■ **WHAT YOU ARE ASKED TO DO**: With the pictures left out, retype exactly the lines below starting at the line that contains "Each Cloudy is" and ending at the line that contains "Bdsm Sex Bondage".

■ **MATERIAL FOR THIS TASK**:
++++++++++
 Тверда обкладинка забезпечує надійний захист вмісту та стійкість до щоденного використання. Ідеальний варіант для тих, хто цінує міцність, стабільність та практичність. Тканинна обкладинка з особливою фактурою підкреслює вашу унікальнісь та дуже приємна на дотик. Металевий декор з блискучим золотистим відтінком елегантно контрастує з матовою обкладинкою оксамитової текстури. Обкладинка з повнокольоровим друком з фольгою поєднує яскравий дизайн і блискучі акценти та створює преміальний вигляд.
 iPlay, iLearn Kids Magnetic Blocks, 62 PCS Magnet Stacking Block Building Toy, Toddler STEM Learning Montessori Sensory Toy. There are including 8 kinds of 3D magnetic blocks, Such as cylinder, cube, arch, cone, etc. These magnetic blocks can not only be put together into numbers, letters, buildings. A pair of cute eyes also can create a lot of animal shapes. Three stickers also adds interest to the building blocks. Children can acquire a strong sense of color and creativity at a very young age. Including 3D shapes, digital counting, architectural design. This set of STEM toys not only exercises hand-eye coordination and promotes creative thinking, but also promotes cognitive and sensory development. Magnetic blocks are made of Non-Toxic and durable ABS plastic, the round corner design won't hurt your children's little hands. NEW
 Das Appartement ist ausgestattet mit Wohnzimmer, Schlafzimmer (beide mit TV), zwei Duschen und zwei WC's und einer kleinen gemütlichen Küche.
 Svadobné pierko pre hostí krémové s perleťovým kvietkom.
++++++++++
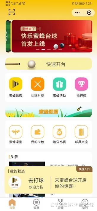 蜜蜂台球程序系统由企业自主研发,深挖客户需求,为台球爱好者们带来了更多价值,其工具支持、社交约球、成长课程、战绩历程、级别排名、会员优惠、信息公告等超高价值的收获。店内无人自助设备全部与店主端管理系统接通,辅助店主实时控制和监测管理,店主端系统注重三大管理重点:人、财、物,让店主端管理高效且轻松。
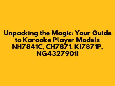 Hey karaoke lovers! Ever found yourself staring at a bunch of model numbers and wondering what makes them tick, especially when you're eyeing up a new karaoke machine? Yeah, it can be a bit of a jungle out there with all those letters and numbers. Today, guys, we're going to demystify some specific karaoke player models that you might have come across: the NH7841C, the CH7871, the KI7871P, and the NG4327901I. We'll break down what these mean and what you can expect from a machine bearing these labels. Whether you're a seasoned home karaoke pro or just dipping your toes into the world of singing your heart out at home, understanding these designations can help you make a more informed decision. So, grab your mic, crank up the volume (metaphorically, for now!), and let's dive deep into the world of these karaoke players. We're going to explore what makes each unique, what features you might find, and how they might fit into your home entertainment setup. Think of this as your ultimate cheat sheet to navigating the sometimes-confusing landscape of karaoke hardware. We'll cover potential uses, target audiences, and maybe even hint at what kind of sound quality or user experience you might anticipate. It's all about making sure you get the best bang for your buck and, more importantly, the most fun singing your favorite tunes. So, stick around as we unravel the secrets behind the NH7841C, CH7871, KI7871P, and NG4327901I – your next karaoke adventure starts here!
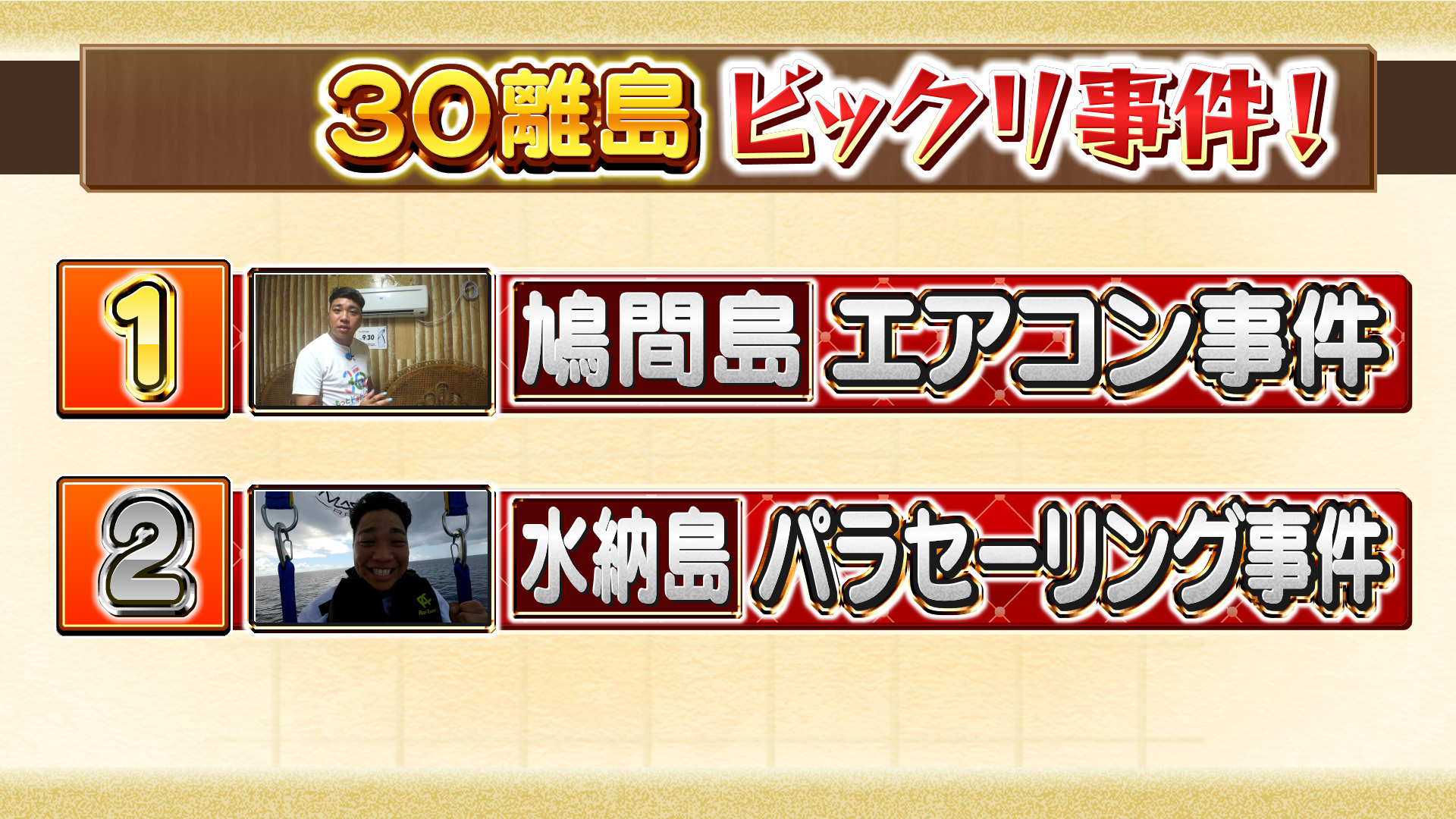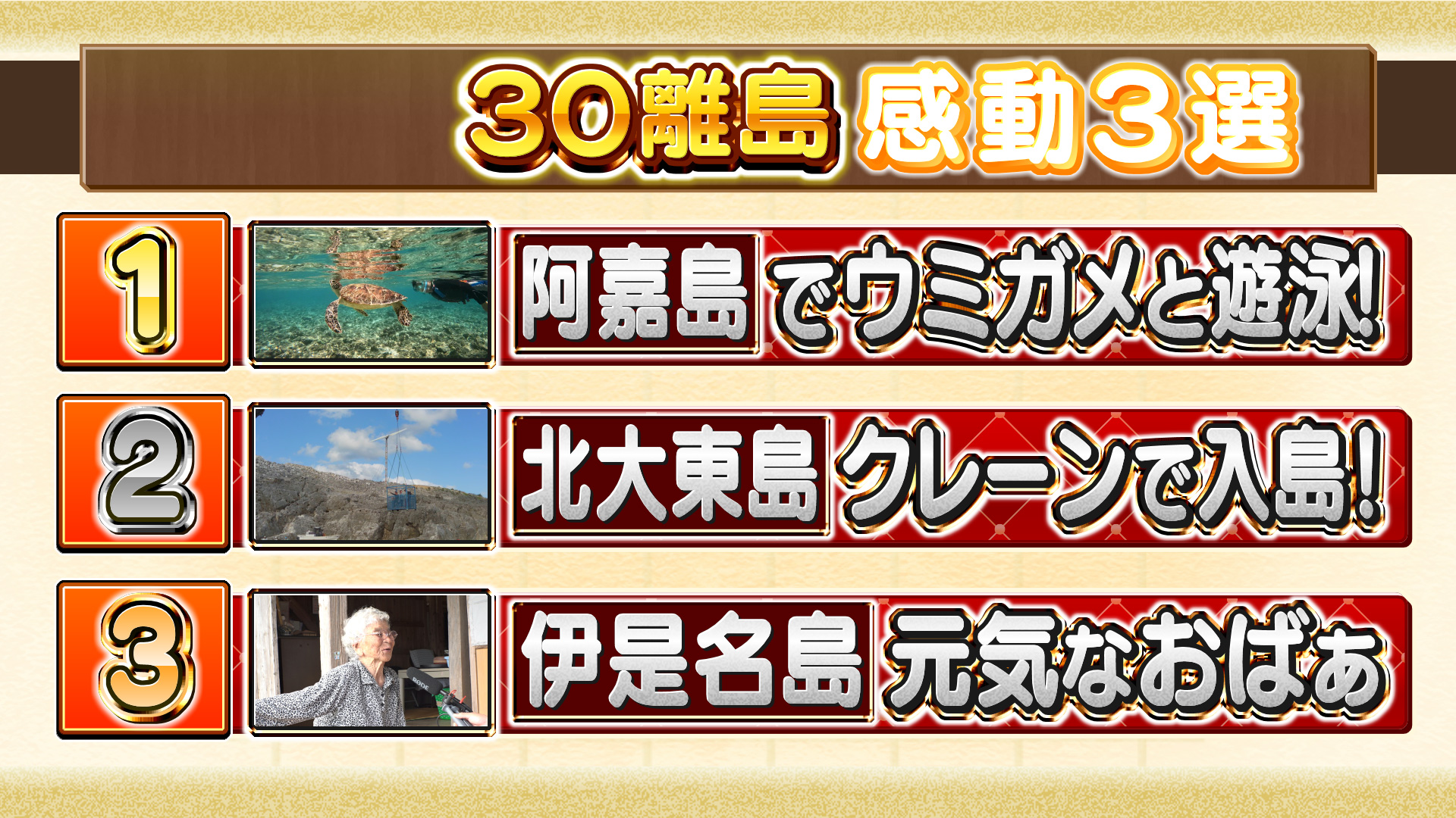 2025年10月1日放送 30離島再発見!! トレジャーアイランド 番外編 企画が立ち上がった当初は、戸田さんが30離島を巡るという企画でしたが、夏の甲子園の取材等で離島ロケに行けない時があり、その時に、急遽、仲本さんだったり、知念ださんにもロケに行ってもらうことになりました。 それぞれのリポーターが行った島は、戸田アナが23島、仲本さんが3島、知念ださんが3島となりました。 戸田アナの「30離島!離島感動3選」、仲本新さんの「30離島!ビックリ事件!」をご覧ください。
++++++++++
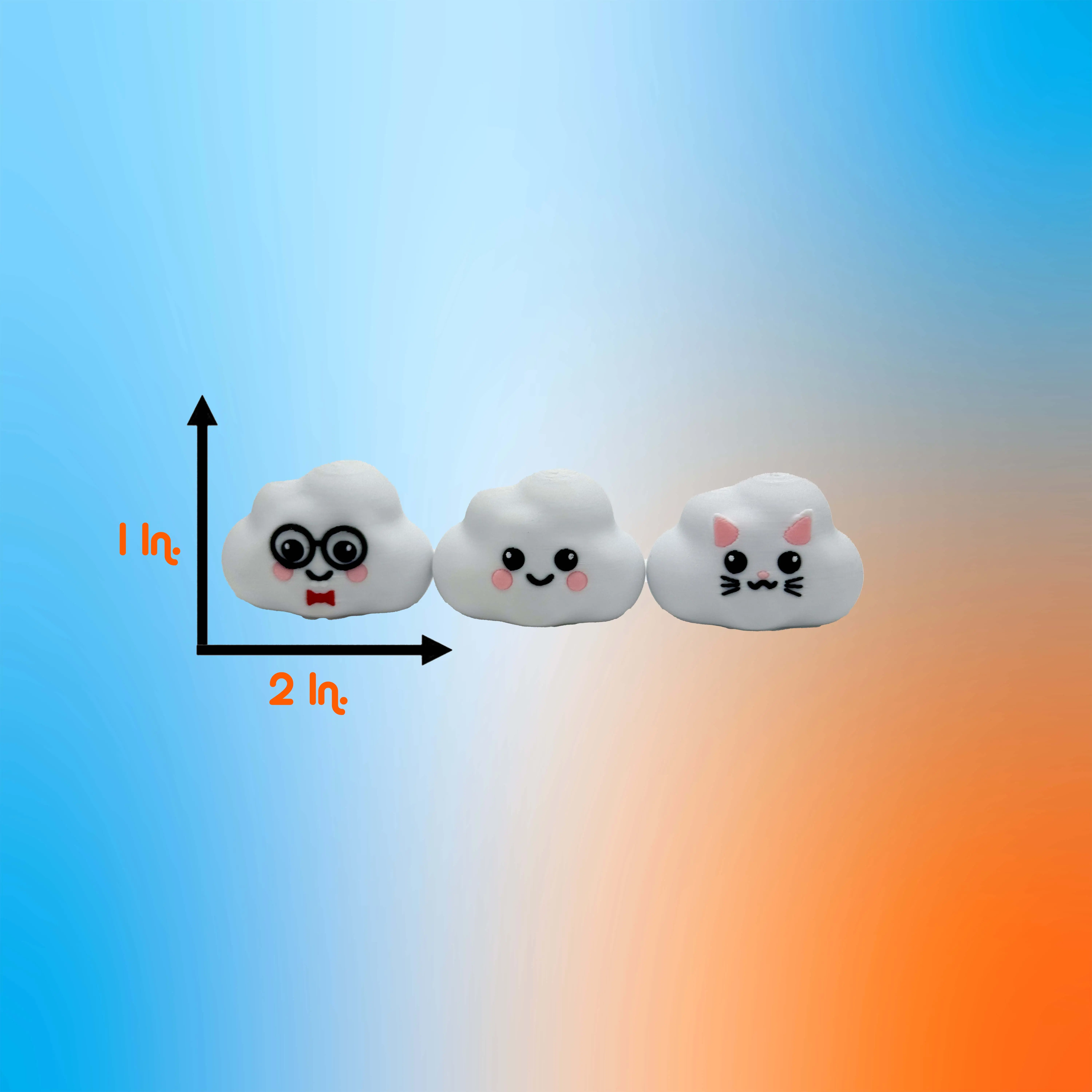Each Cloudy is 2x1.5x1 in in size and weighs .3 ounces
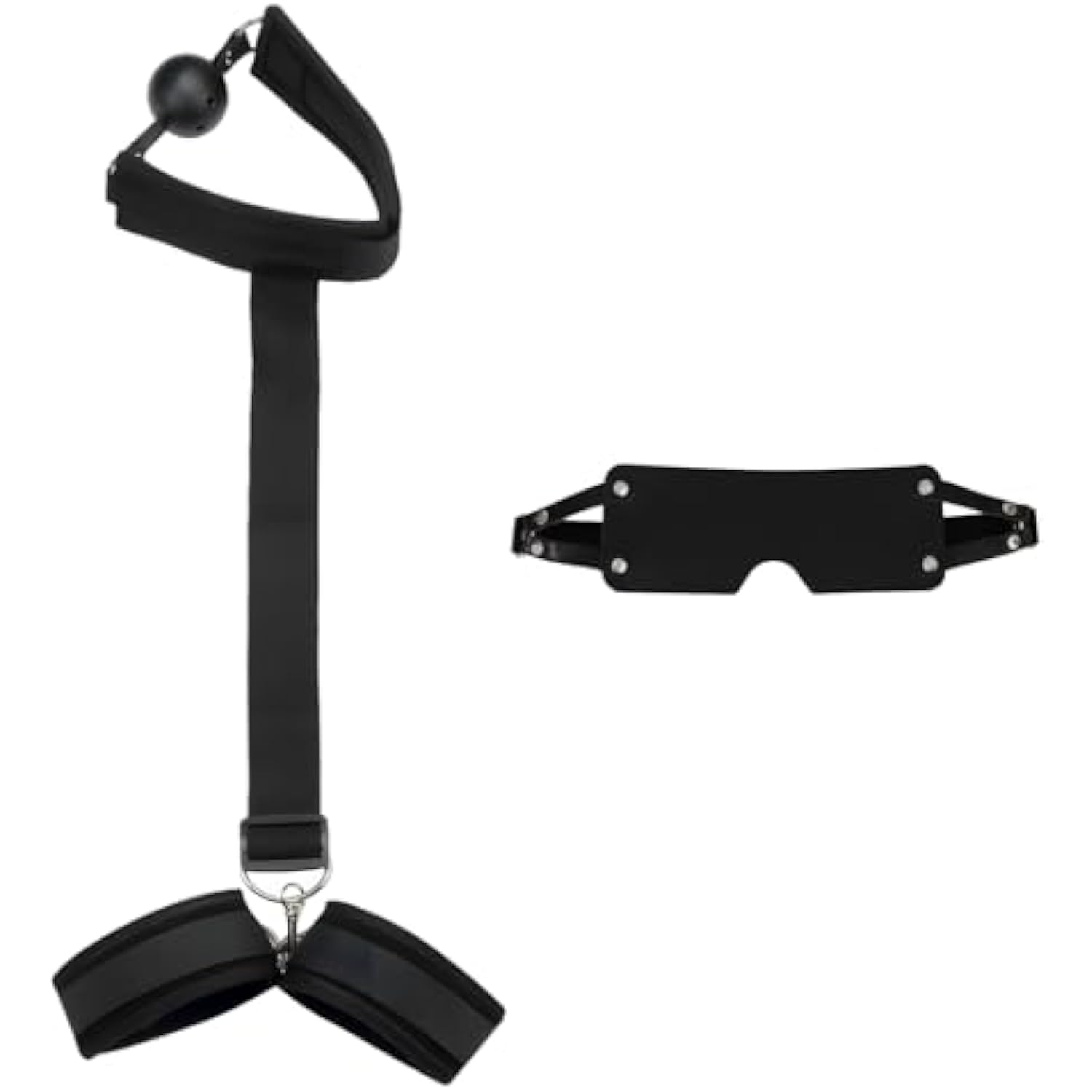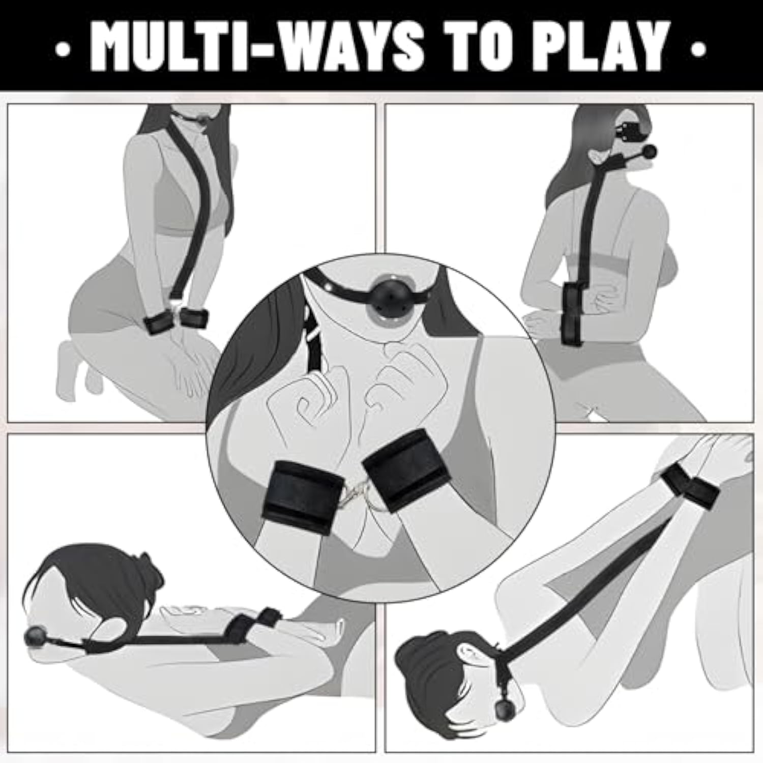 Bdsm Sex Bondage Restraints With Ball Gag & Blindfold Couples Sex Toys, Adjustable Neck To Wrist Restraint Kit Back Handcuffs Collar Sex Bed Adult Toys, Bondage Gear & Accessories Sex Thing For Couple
++++++++++
■ **ANSWER BOX**:
Each Cloudy is 2x1.5x1 in in size and weighs .3 ounces
 Bdsm Sex Bondage Restraints With Ball Gag & Blindfold Couples Sex Toys, Adjustable Neck To Wrist Restraint Kit Back Handcuffs Collar Sex Bed Adult Toys, Bondage Gear & Accessories Sex Thing For Couple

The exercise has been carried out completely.